We met our 2 Tuareg guides waiting with 8 camels saddled up and ready to go. Mounting up was a new experience and you must ride in bare feet which is traditional and protects the camel’s neck from abrasion as you rest your feet on the back of its neck. You brace yourself by holding on to the three-pronged pommel with one hand and grabbing a handful of hair on the hump behind you with the other.

The camel stands up back feet first and with much groaning and protesting. Their motion is a kind of back and forth swaying and the saddles are far from comfortable! The Tuareg guides mounted up by holding the camel’s nose (!) then putting a foot on its knee, then a foot on the back of the neck then swinging over into the saddle.

It took 2 3/4 hours for the camels to plad their was up the “Le Source”, a mineral spring 12 kilometres from Tamanrasset. When we arrived our guides unsaddled and hobbled the camels then turned them loose to browse on the nearby thorn trees. We walked up to the comfortable and well-run cafe where we drank tea, coffee and cola and had omelette for lunch.

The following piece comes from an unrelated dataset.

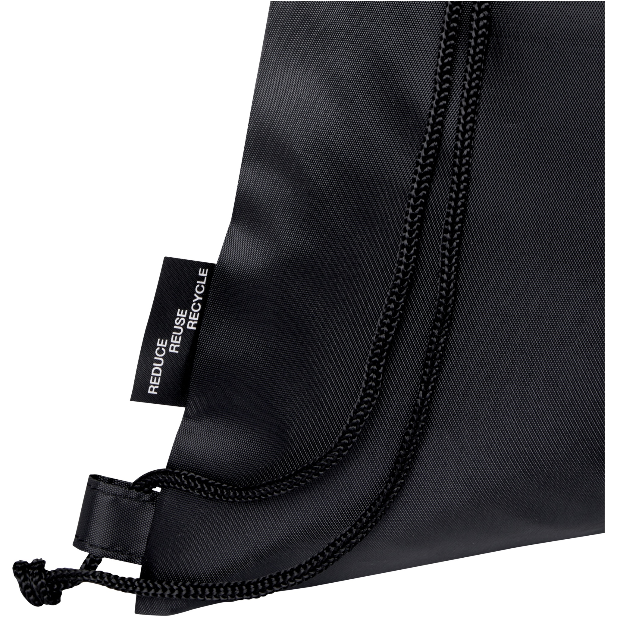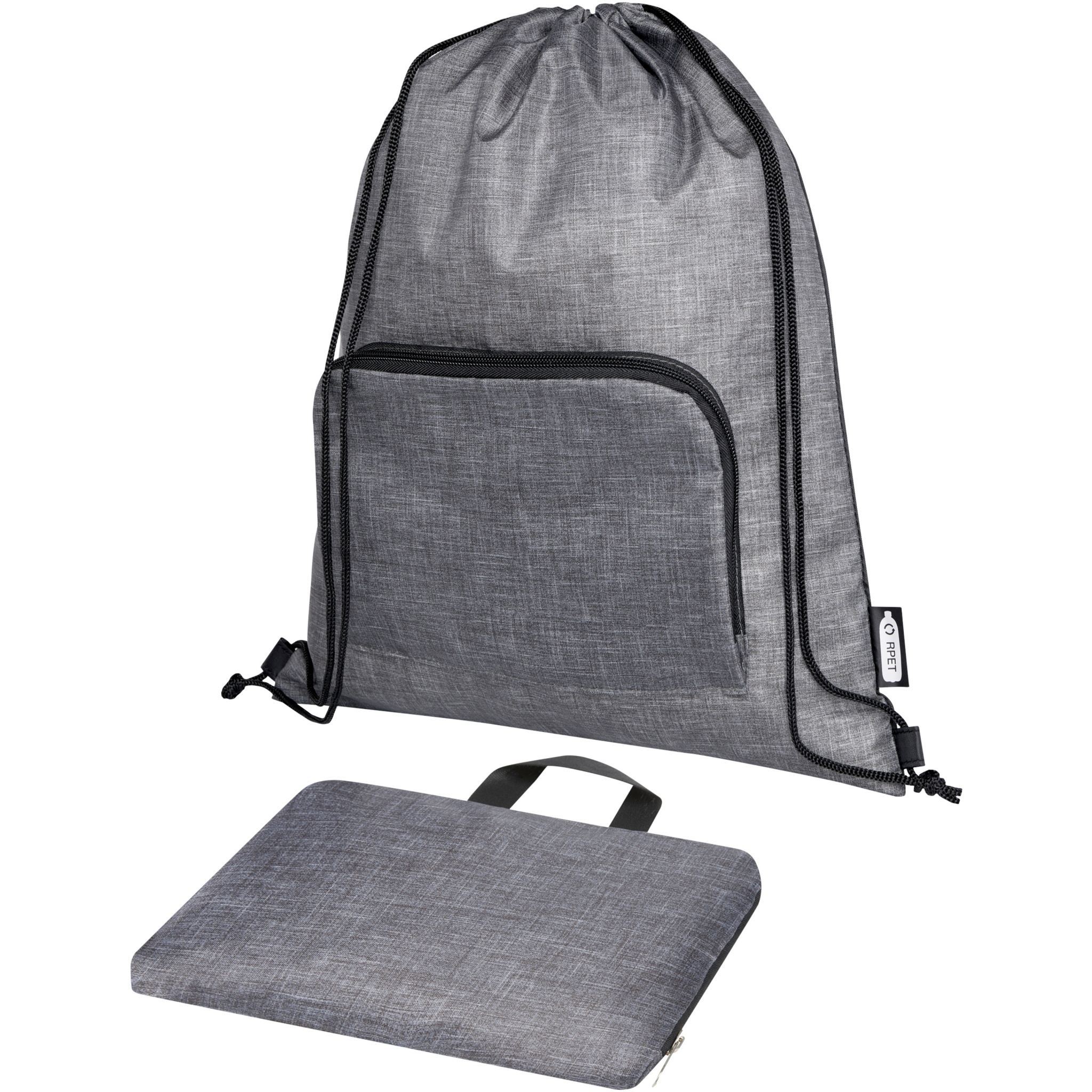The Ash foldable recycled drawstring bag features a main compartment with cinch closure, and a zippered front pocket that the bag can easily fold up into for easy transport and storage.

I clambered up the rocky slope behind the cafe to see what I could see but only further slopes of broken rock rose around me and the view out across the plain was one of arid, eroded hills with thorn trees dotted about.

We spent 2 hours at Le Source then went back to where the guids were waiting for us and watched while they caught and re-saddled the camels.

The return trip on the swaying “ships of the desert” seemed to take forever but eventually we arrived, stiff and sore, back at camp.
I had a shower which stopped just as I had finished soaping up so I dried the soap off and went to bed feeling the effects of the shits and my cold which seems to have returned.